● **SOURCE INFORMATION**:
┄┄┄┄┄┄
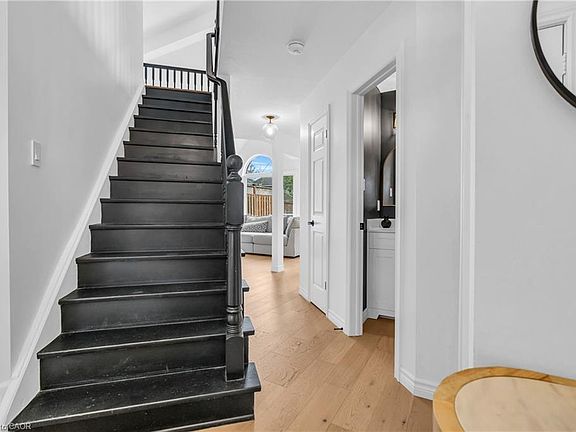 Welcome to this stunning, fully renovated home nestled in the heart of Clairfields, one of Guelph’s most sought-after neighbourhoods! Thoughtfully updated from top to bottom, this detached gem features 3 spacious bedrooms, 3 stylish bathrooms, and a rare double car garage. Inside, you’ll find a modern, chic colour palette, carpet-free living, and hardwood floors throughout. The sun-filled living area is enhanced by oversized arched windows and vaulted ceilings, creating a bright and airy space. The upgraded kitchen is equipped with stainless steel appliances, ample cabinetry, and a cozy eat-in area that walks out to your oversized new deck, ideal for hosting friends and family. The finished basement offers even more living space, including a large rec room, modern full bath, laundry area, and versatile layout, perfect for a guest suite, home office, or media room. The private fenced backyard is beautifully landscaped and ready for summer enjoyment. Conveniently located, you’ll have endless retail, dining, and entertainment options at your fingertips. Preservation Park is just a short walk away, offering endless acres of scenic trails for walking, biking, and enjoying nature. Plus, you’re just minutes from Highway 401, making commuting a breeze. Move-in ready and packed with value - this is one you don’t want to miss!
┄┄┄┄┄┄
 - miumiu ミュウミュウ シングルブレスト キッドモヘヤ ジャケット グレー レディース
┄┄┄┄┄┄
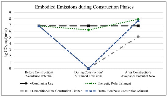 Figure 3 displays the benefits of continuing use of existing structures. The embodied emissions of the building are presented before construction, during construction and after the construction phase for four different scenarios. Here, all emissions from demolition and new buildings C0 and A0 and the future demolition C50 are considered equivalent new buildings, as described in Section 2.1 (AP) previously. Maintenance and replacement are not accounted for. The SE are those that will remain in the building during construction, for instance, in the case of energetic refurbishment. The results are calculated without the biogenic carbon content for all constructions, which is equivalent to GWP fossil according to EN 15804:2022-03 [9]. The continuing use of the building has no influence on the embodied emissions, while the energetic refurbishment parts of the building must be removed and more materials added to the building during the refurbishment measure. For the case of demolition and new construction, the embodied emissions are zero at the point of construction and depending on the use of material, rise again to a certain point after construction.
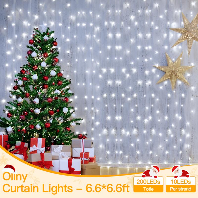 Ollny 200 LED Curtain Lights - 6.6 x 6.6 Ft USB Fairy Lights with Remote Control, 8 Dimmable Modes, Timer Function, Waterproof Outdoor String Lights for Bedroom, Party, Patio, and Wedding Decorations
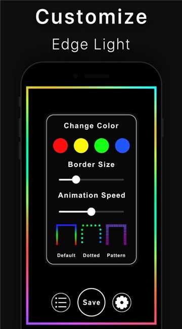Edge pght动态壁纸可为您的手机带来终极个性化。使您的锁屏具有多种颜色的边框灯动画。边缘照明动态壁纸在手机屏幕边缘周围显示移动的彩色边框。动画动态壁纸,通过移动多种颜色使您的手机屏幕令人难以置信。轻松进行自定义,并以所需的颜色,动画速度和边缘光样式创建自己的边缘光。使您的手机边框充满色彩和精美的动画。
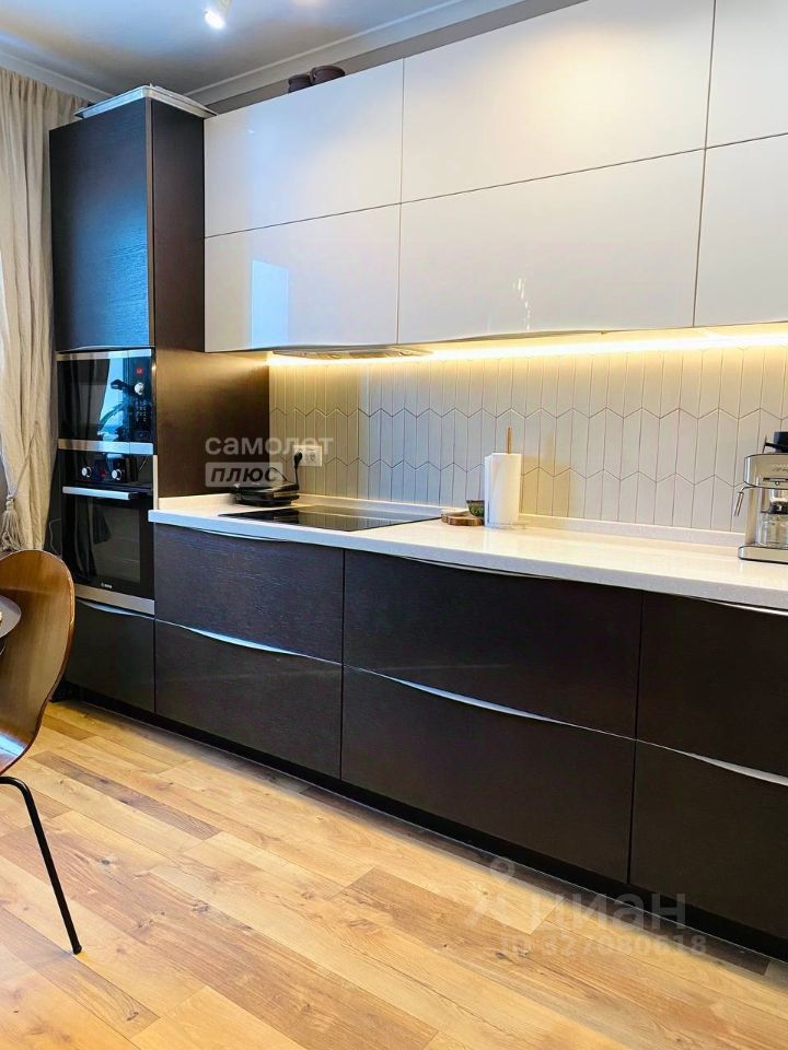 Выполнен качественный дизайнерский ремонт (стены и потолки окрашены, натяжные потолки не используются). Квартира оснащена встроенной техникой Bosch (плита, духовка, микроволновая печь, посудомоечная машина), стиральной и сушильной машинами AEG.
┄┄┄┄┄┄
● **TASK DESCRIPTION**:
After locating the line containing "Figure 3 displays" in the entries above, return it and every line after it exactly, ending at the line containing "Выполнен качественный дизайнерский", without pictures.

● **SOLVED EXERCISE**:
 Figure 3 displays the benefits of continuing use of existing structures. The embodied emissions of the building are presented before construction, during construction and after the construction phase for four different scenarios. Here, all emissions from demolition and new buildings C0 and A0 and the future demolition C50 are considered equivalent new buildings, as described in Section 2.1 (AP) previously. Maintenance and replacement are not accounted for. The SE are those that will remain in the building during construction, for instance, in the case of energetic refurbishment. The results are calculated without the biogenic carbon content for all constructions, which is equivalent to GWP fossil according to EN 15804:2022-03 [9]. The continuing use of the building has no influence on the embodied emissions, while the energetic refurbishment parts of the building must be removed and more materials added to the building during the refurbishment measure. For the case of demolition and new construction, the embodied emissions are zero at the point of construction and depending on the use of material, rise again to a certain point after construction.
 Ollny 200 LED Curtain Lights - 6.6 x 6.6 Ft USB Fairy Lights with Remote Control, 8 Dimmable Modes, Timer Function, Waterproof Outdoor String Lights for Bedroom, Party, Patio, and Wedding Decorations
Edge pght动态壁纸可为您的手机带来终极个性化。使您的锁屏具有多种颜色的边框灯动画。边缘照明动态壁纸在手机屏幕边缘周围显示移动的彩色边框。动画动态壁纸,通过移动多种颜色使您的手机屏幕令人难以置信。轻松进行自定义,并以所需的颜色,动画速度和边缘光样式创建自己的边缘光。使您的手机边框充满色彩和精美的动画。
 Выполнен качественный дизайнерский ремонт (стены и потолки окрашены, натяжные потолки не используются). Квартира оснащена встроенной техникой Bosch (плита, духовка, микроволновая печь, посудомоечная машина), стиральной и сушильной машинами AEG.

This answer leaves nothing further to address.